For the tooth size and variability through time (summarized in a new table, Table S3, also pasted below), we observed broad concordance in the pooled analyses and the per-tooth partitioned analyses. Different tooth positions provide strong support for different aspects of the observed trends, with the lower fourth premolar being the strongest driver of the overall trend. All of the significant trends in per-tooth analyses are in the same direction (i.e., decreasing size disparity and size mean through time) as the pooled sample. We added qualifying clarification in the text to bring attention to these refined results.
For DTA-FEA correlation through time, we generated per-tooth correlation plots in three new figures (Figs. S8-10, only Fig. S9 shown here as an example). We observed that upper M1 patterns general reflect the trend recovered from analysis of the overall dataset, but M2 and M3 results display inconsistent DTA-FEA correlations, possibly due to small sample sizes. Lower molar patterns generally replicate those recovered in the overall analyses, but lower M1 and M2 signals appear to be stronger than those for lower M3. Finally, low sample sizes make premolar correlations unstable, with general pattern showing EP-MP strengthening then MP-LP stasis or weakening. Given these findings, it appears that the results in the pooled sample correlation plots are mainly driven by lower molar signals. It is not possible to conclude the other tooth position display different patterns because of the limited sample sizes.
Also, I think lumping teeth from the same specimen into your analyses creates a major statistical concern because the observations aren't independent. In other words, the teeth of the same individual should have relatively similar DTA values, which can greatly bias your results. This is essentially the same issue as phylogenetic non-independence, but taken to a much greater extreme.

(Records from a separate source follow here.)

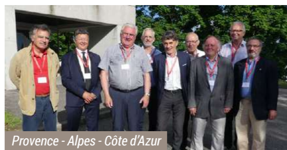
Provence - Alpes - Côte d'Azur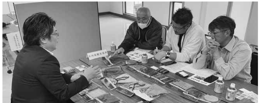
熱心に自社製品を説明する商談会の様子

お座敷遊び体験を実施。「紅葉の橋」「観光小唄」の舞で魅了した後、酒どころ会津にちなみ、お猪口や酒樽を使ったお座敷遊び体験が行われ、日頃芸妓文化に触れる機会が少ない外国人や女性、子どもたちも積極的に参加していた。 イベント最後には芸妓衆と記念撮影が出来る時間を設け、芸妓文化を肌で感じてもらう、会津には東山芸妓という伝統芸能が息衝いている事を知ってもらおう良い機会となった。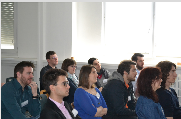
Membres Arts & Industries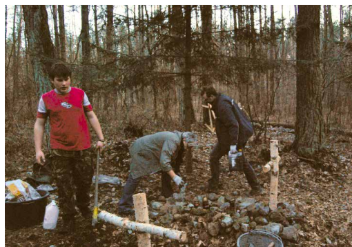
Zdmurszałe krzyże na zapomnianych grobach partyzanckich w bilczańskim lesie zostały wymienione. Tym samym groby ocalono od zapomnienia.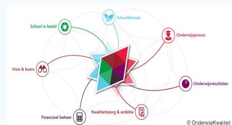
Figuur 2 Koersnaald OnderwijsKwaliteit.online

Om de State of art met deelnemende bestuurders op te bouwen, bieden we in de bijeenkomsten een inspirerende leerbron: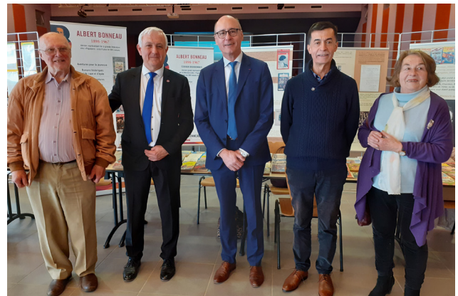
au salon du livre de Montmarault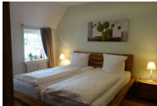
Ein Schlafzimmer mit Doppelbett 180x200 cm Verdunkelungsmöglichkeit.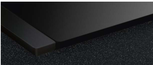
USL5 15AB BORA Listelli laterali per piano cottura con profondità di 515 mm All Black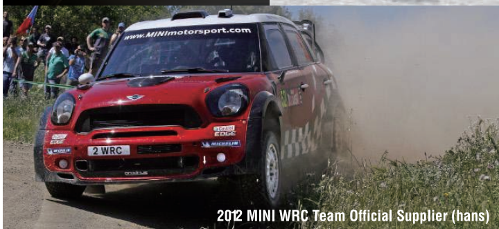
2012 MINI WRC Team Official Supplier (hans)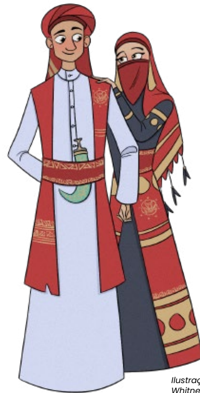
Ilustração de Whitney Hii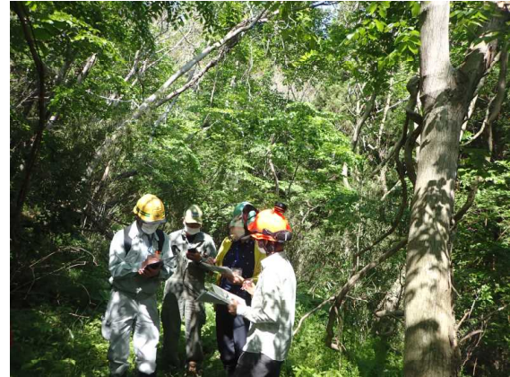
【現地調査での助言の様子】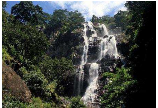
Udzungwa mountains national park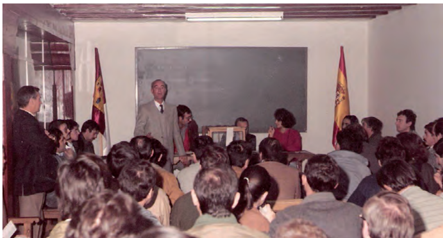
Asamblea de la Federación. 1985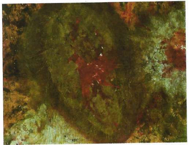
"Al canto del gallo" 1992 tecnica mista cm 125x160

It seems like it'd be much more appropriate to perform specimen-level analyses (e.g., Wilson 2013) or species-level analyses (e.g., Grossnickle & Newham 2016) and report those results in the main text. If the authors believe that their methods are justified, then they should explain this in the text.

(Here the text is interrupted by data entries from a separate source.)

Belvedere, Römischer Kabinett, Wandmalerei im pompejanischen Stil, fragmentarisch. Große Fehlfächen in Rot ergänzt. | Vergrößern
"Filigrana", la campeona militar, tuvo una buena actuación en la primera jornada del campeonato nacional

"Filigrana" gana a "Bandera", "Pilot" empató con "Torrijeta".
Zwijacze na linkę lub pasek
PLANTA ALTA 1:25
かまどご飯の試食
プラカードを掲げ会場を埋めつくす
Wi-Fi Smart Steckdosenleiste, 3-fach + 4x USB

Based on the per-tooth partition analyses we performed and reported above, the results now show that the overall trends described in the previous draft of the study is a composite of signals from different regions of the dentition. For example, the OPCR, DNE, and FEA trends persist across most tooth positions, whereas the Slope and RFI trends are mainly driven by lower fourth premolar patterns. The tooth size results are also mainly driven by lower fourth premolar patterns, but tooth disparity trends are broadly supported across tooth positions. These observations indicate that the overall trends remain valid, but there are nuances as to which tooth positions are driving which components of the trends. As such, we deem the overall results to be valid, and focused our revision on providing the nuances so readers can assess through-time patterns in more detail than in the previous version of the study.
(2) Maybe I misunderstood, but it sounds like the sampling is almost exclusively clades that are primarily herbivorous/omnivorous (Pantodonta, Arctostylopida, Anagalida, and maybe Tillodonta), which means that the full ecomorphological diversity of the time bins is not being sampled (e.g., insectivores aren't fully sampled). Similarly, the authors say that they "focused sampling" on those major clades and "Additional data were collected on other clades ... opportunistically" (L628). If they favored sampling of specific clades, then doesn't that also bias their results?
If the study is primarily focused on a few herbivorous clades, then the Introduction should be reframed to reflect this. You could explain that you're specifically tracking herbivore patterns after the K-Pg.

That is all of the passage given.